Arendash’s experiment involved housing wild-type and Alzheimer’s-prone mice in cages placed around an antenna, which emitted signals near cell phone frequencies for two one-hour periods each day over the course of several months. This appears to be the first time anyone has looked at such a chronic, realistic exposure level to the same frequencies used by cellular phones, in a controlled laboratory setting.

That said, the usual caveats apply. Mice are not humans, and the Alzheimer’s mouse model in this study is an inbred strain that mimics many aspects of human dementia, but not all. Also, the experiment wasn’t really set up to detect tumors, which are the real focus of litigators’ and legislators’ ire. While the researchers did not find any visible masses in the brains of dissected mice at the end of the study, the sample size and length of the test weren’t really adequate to assess the animals’ cancer risks.

So using a cell phone might or might not increase your risk for cancer, but it might also prevent or treat Alzheimer’s disease. Choose your poison, but don’t be surprised if it turns out to be nontoxic.

As a microbiologist and drummer, I’ve been fascinated by the recent story from New Hampshire, where a woman appears to have caught gastric anthrax from an animal-hide drum:

State officials are trying to find everyone who attended the drum circle, offering to vaccinate them and hoping to gather information that will explain how one young woman contracted a case of gastrointestinal anthrax a short time after attending the event.

One paragraph, two bizarre medical events: catching B. anthracis from drumming, and getting the weird gastrointestinal form of the disease. While it’s sometimes been used as a cover story for bioweapons accidents (as during the Sverdlovsk incident), actual gastric anthrax is ridiculously rare. A PubMed search returns a whopping 15 hits from the biomedical literature about this form of the disease, and almost all of them are either reviews or basic research papers. You’re probably more likely to get struck by lightning while winning the lottery than to catch gastric anthrax.
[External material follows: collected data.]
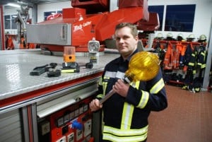 Matthias Garms, Gerätewart der Feuerwehr Bleckede, mit akkubetriebenen Feuerwehrgeräten.
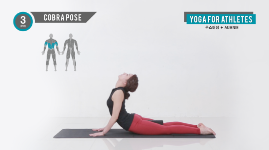 코브라 자세는 광배근의 수축을 통해 가슴을 열리게 한다.
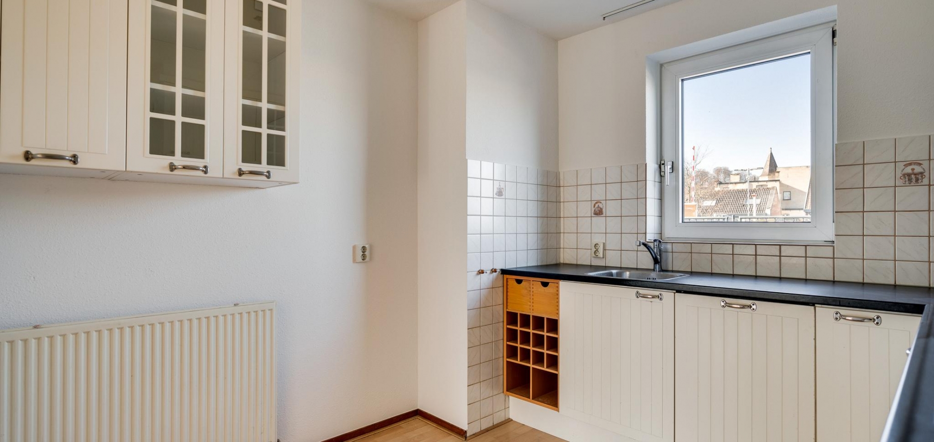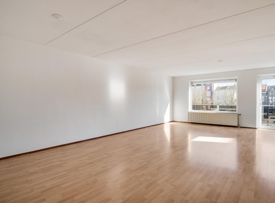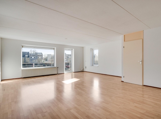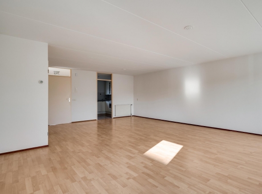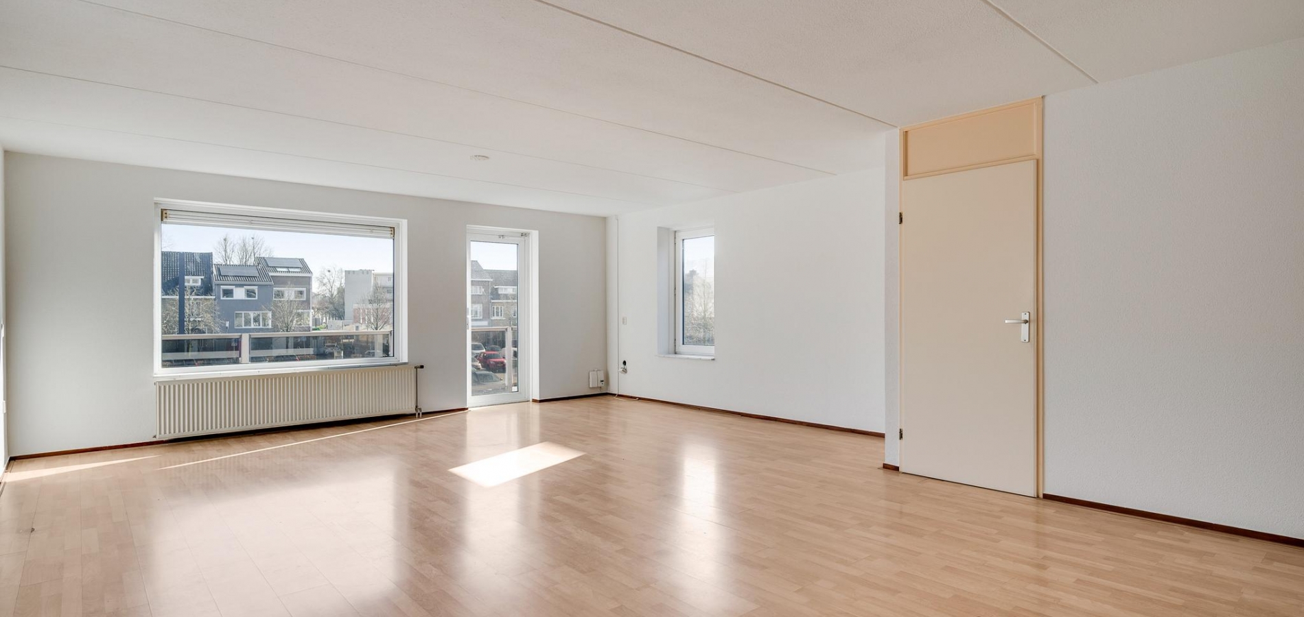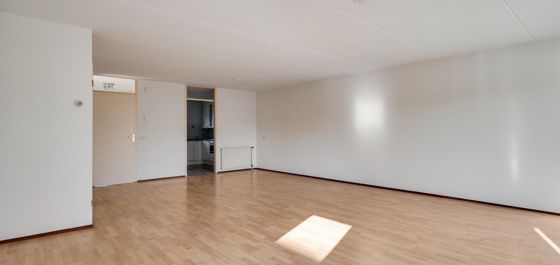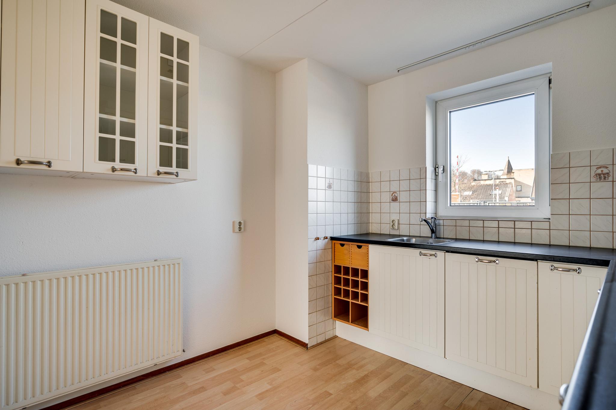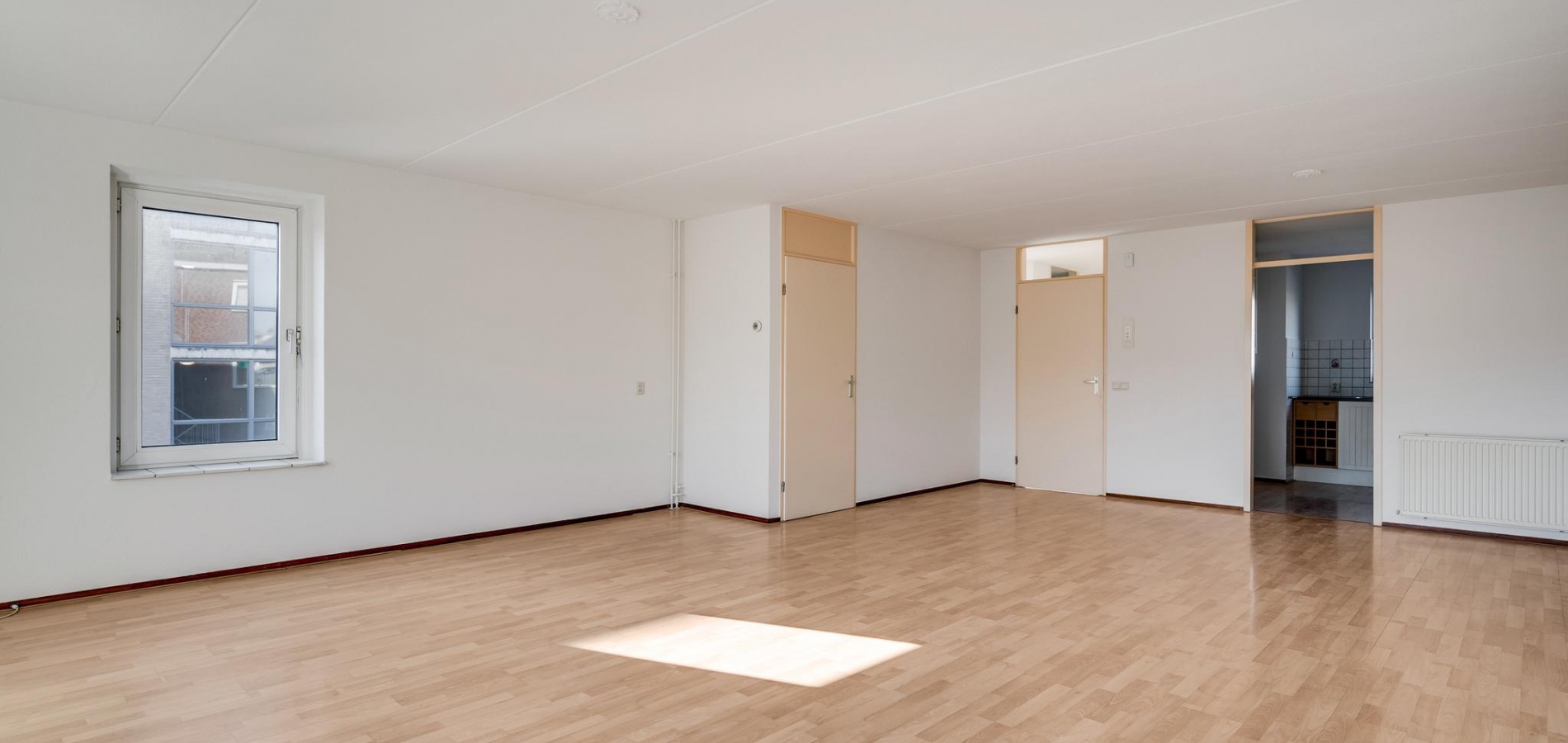 Niet alleen in de hal, maar ook in de woonkamer en keuken ligt laminaat op de vloer. De woonkamer heeft een oppervlakte van circa 42 m2, met lichtinval vanaf de oost- en zuidkant. Onder de trap is een handige bergkast en het aangrenzende balkon (circa 6,04 x 1,41) biedt prachtig uitzicht naar het Walramplein en zelfs de Wilhelminatoren.
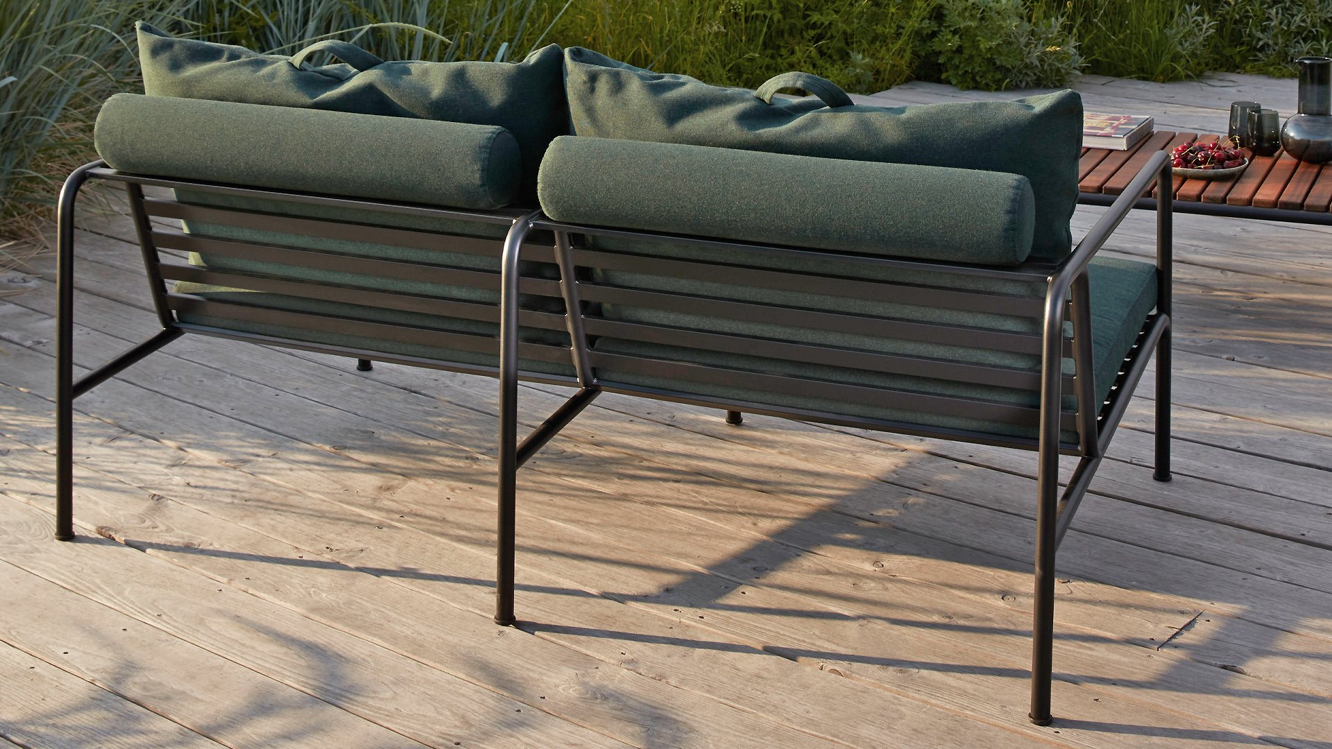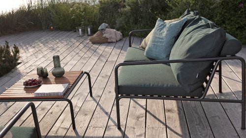 Die HOUE AVON-Kollektion wurde aus dem Wunsch heraus entworfen, etwas mit einem sehr leichten Erscheinungsbild und einem niedrigen, schlanken Profil zu schaffen, während ein hohes Maß an Komfort beibehalten wird. Der wartungsfreie Rahmen und die Konstruktion der großen weichen Rückenkissen ist genau das: die Einfachheit der Struktur, bei der niedrige Linien dafür sorgen, dass das Design immer stolz aussieht, ob mit oder ohne Kissen - Sommer oder Winter. Die Griffe der Kissen sind ein Statement für die Funktion des Produkts und machen sie bei Bedarf leicht zu greifen und zu verstauen.
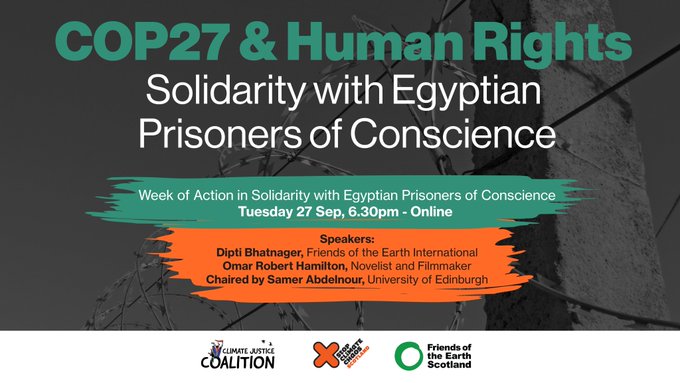 Major climate organisations in Scotland and Britain are calling for a week of solidarity with Egyptian prisoners of conscience in order to highlight the Sisi regime’s horrific abuses of human rights. Climate Justice Coalition, Friends of the Earth Scotland and Stop Climate Chaos Scotland are hosting an online meeting to kick off the week’s activities on 27 September.
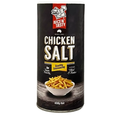 Nice N’ Tasty Chicken Salt is the ultimate all-round seasoning that elevates everyday meals. Perfect for potato fries, baked chicken, rice dishes, or simply as a flavour-packed substitute for regular salt. This 400g shaker is vegan-friendly and certified Halal and Kosher, making it suitable for all diets. Conveniently packaged in a shaker bottle, it lets you control just the right amount of seasoning with ease. Whether you’re cooking at home or seasoning on the go, the possibilities are endless with this Aussie favourite.

Getting this freak disease from a drum head is just … well, there aren’t even words for this level of probability. And the weirdness just keeps coming:

On Thursday, New Hampshire officials confirmed that the strain of anthrax spores found on two drums used at the Dec. 4 drumming circle, as well as on an electrical socket at the United Campus Ministry, matched the anthrax strain that infected the woman. The officials have taken 56 other drums for testing. The woman, who is not a student, brought her own synthetic drum to the circle on Dec. 4.

Got that? She apparently ingested anthrax that must have been on someone else’s drum.

For its part, the CDC offers these tips for drum makers and drummers. They focus on the risk of catching inhalation anthrax from making drums, which is rare, but nowhere near as whack as what just happened in New Hampshire.